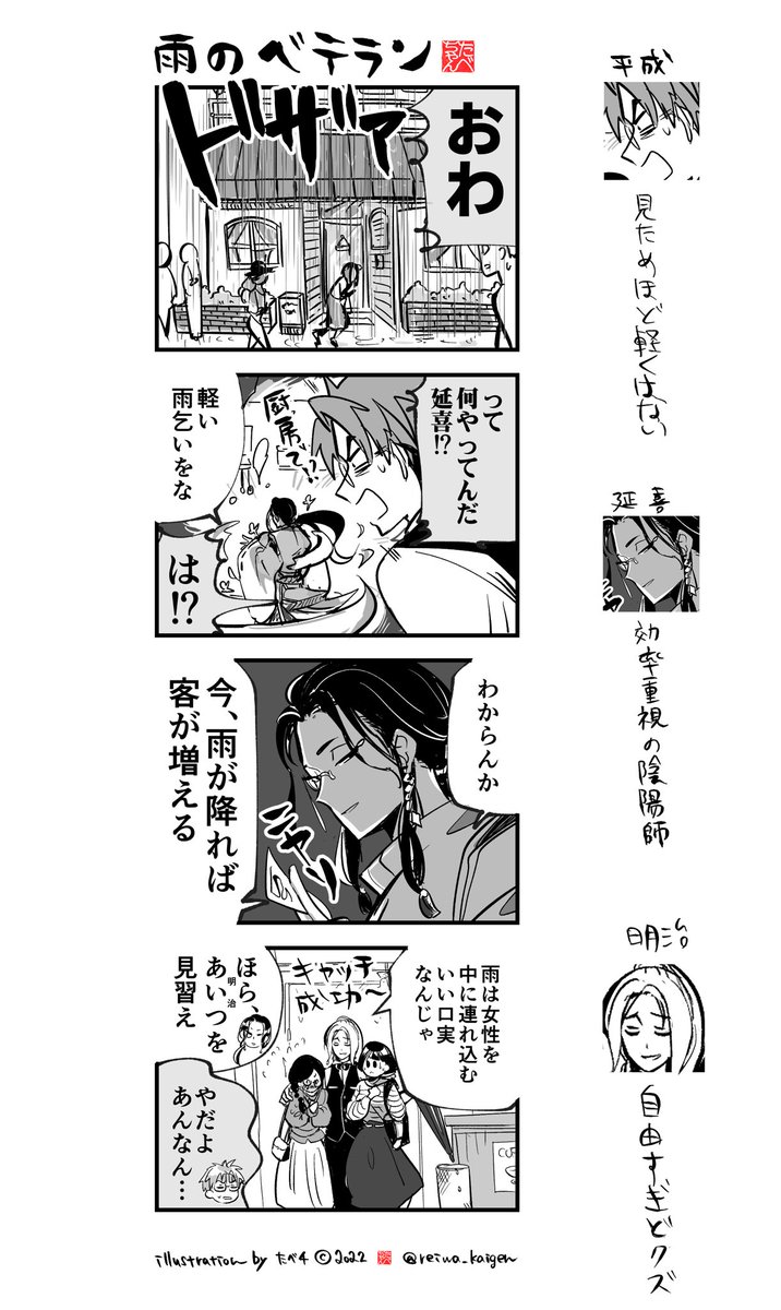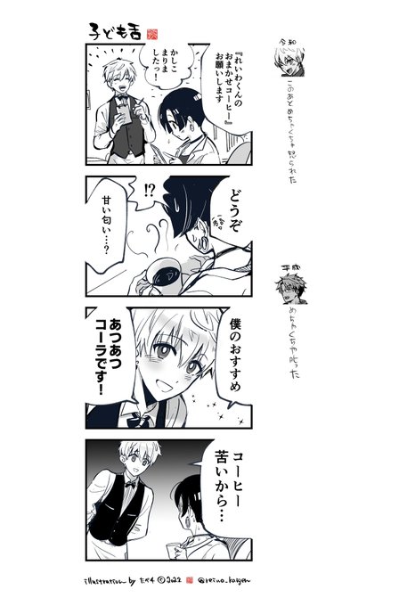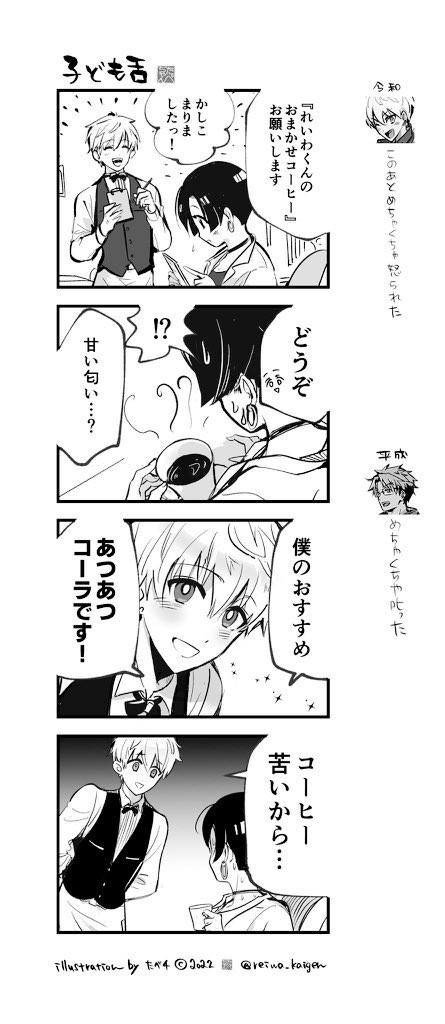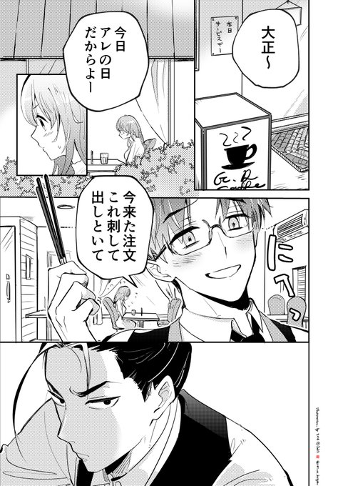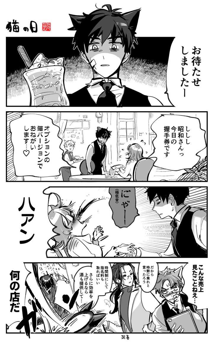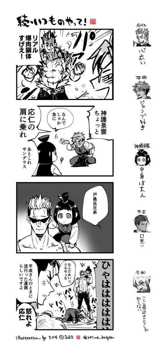 #今月描いた絵を晒そう 漫画編② ・大正のコミッション夢漫画 ・昭和と猫の日 #元号男子カフェ ・明治くんのファンボックス更新分(一部) #妄想腐女子たべこ美 ・おまけのチョコボックスイラスト。 #創作漫画 #4コマ漫画
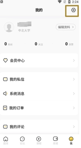 1、打开考研汇应用,进入“我的”页面后,找到并点击右上角黄色方框里的按钮。
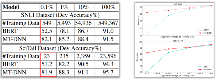 The authors of the MT-DNN paper compared MT-DNN with BERT in domain adaption, where both models are adapted to a new task by gradually increasing the size of in-domain data for adaptation. The results on the SNLI and SciTail tasks are presented in the following table and figure. With only 0.1% of in-domain data (which amounts to 549 samples in SNLI and 23 samples in SciTail), MT-DNN achieves +80% in accuracy while BERT’s accuracy is around 50%, demonstrating that the language embeddings learned by MT-DNN are substantially more universal than those of BERT.
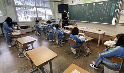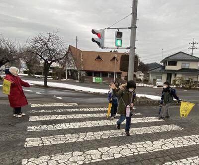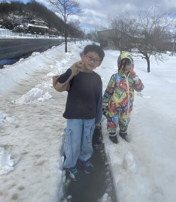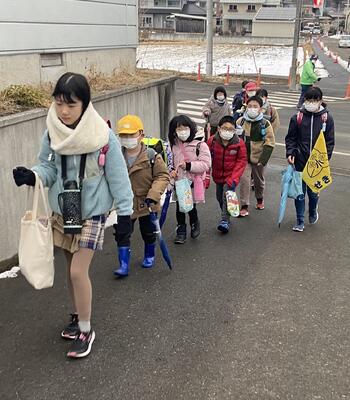 国道に行くと、1・2年生の兄妹とご両親、1年生のお婆ちゃんが通学路の雪かきをしてくださっています。ありがとうございます。

To do: Omit the pictures and write out the lines above from the one with "The authors of" through the last, unchanged.

Answer box:
 The authors of the MT-DNN paper compared MT-DNN with BERT in domain adaption, where both models are adapted to a new task by gradually increasing the size of in-domain data for adaptation. The results on the SNLI and SciTail tasks are presented in the following table and figure. With only 0.1% of in-domain data (which amounts to 549 samples in SNLI and 23 samples in SciTail), MT-DNN achieves +80% in accuracy while BERT’s accuracy is around 50%, demonstrating that the language embeddings learned by MT-DNN are substantially more universal than those of BERT.
 国道に行くと、1・2年生の兄妹とご両親、1年生のお婆ちゃんが通学路の雪かきをしてくださっています。ありがとうございます。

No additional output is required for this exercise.